VK Vijayakumar, Chief Investment Strategist at Geojit Investments said as the Russia-Ukraine war persisted, the 25 per cent penal tariff on India for buying oil from Russia, is likely to come into effect from August 27th onwards.
“Even though 50 per cent tariff is unlikely to significantly impact India’s growth, there will be adverse impact on India’s exports and loss of jobs in labour-intensive sectors like textiles, gems and jewellery and leather. The sentimental impact of this development will be negative from the market perspective. FII selling, too, can impact the market,” he said.
The analyst feels domestic-consumption segments like financials, telecom, aviation, hotels , cement and segments of capital goods are better placed to withstand the adverse headwinds.
Emkay Global said there may be some choppiness in the short term until earnings visibility emerges. It sees any significant correction as an entry opportunity. This brokerage is overweight on ‘discretionary’ and underweight on financials and technology.
US trade war & India
The US has long been a cornerstone of India’s trade network, but the relationship has entered a more challenging phase with the recent escalation in tariffs. Effective from August 27, the US President would impose an additional bilateral tariff of 25 per cent on India, citing India’s continued imports of crude oil from Russia. This raises the cumulative bilateral tariff rate on India to 50 per cent — the highest globally alongside Brazil — and well above the range applied to other major Asian economies, such as Japan and South Korea (15 per cent) or China (30 per cent). The 50 per cent tariff rate is over and above the Most Favoured Nation (MFN) tariff which the US imposed on Indian imports at a product-level.
Why India-US trade matters
India’s trade ties with the US have deepened steadily over the past decade, with total merchandise trade (exports and imports) reaching $132 billion in FY25 — more than double the level in FY15. On average, the US accounted for nearly 18 per cent of India’s total exports between FY22 and FY25, up from 15.7 per cent in FY17–FY19, NSE’s monthly report suggested.
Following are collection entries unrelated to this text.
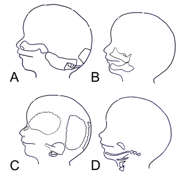 Figure 6: The four types of bones forming the skull. (A) Neurocranium, which is formed from endochondral ossifications. The area around the foramen magnum is formed from parachordal somites, which are adjacent to the notochord, (B) The splanchnocranium, which are intramembranous bones that cover pharyngeal cartilages, (C) The intramembranous dermal skull bones, and (D) The bones and cartilages associated with the pharyngeal arches.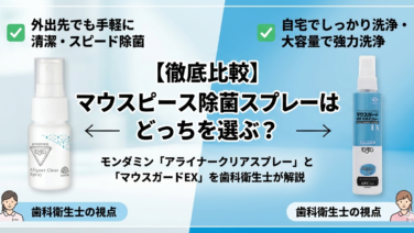 歯の健康【徹底比較】マウスピース除菌スプレーはどっちを選ぶ?モンダミン「アライナークリアスプレー」と「マウスガードEX」を歯科衛生士が解説 マウスピースやマウスガードの除菌はどれを選ぶ? モンダミン「アライナークリアスプレー」と「マウスガードEX」を歯科衛生士が徹底比較。違い・使い分け・おすすめの選び方を分かりやすく解説します。2026.02.02歯の健康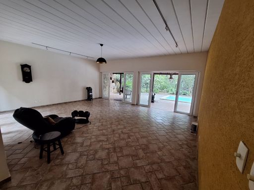 * Nível Térreo: hall social com pé direito alto, ampla sala com integração para o verde, lavabo, dois quartos com banheiro social e possibilidade de suíte, cozinha em dois ambientes com despensa, copa , área de serviço e dependências completas. Vasta área externa com piscina, churrasqueira, espaço fitness.

As a proportion of GDP, however, exports to the US remain modest at 2.2 per cent in FY25, a level that has held within a narrow range of 1.1–2.5 per cent for the past three decades.
The composition of trade is also skewed towards non-petroleum products, which form about 94 per cent of India’s exports to the US, although petroleum shipments have grown from negligible levels at the start of the century to a modest average share 6.5 per cent during the last three years, NSE’s Market Pulse suggested.
India’s total merchandise exports in the recent quarters have been weak and posted a mild growth of 1.7 per cent YoY and a sequential contraction of 2.8 per cent QoQ in Q1FY26. However, exports to the US remained robust, averaging around $26 billion in the March-June 2025 quarter against $20.8 billion in the corresponding period last year), with a significant 35 per cent QoQ growth recorded in the quarter ending 2025.
This strength reflects substantial front-loading in March, though sustaining this momentum appears uncertain amid the 50% tariff rate and the evolving trajectory of bilateral trade negotiations.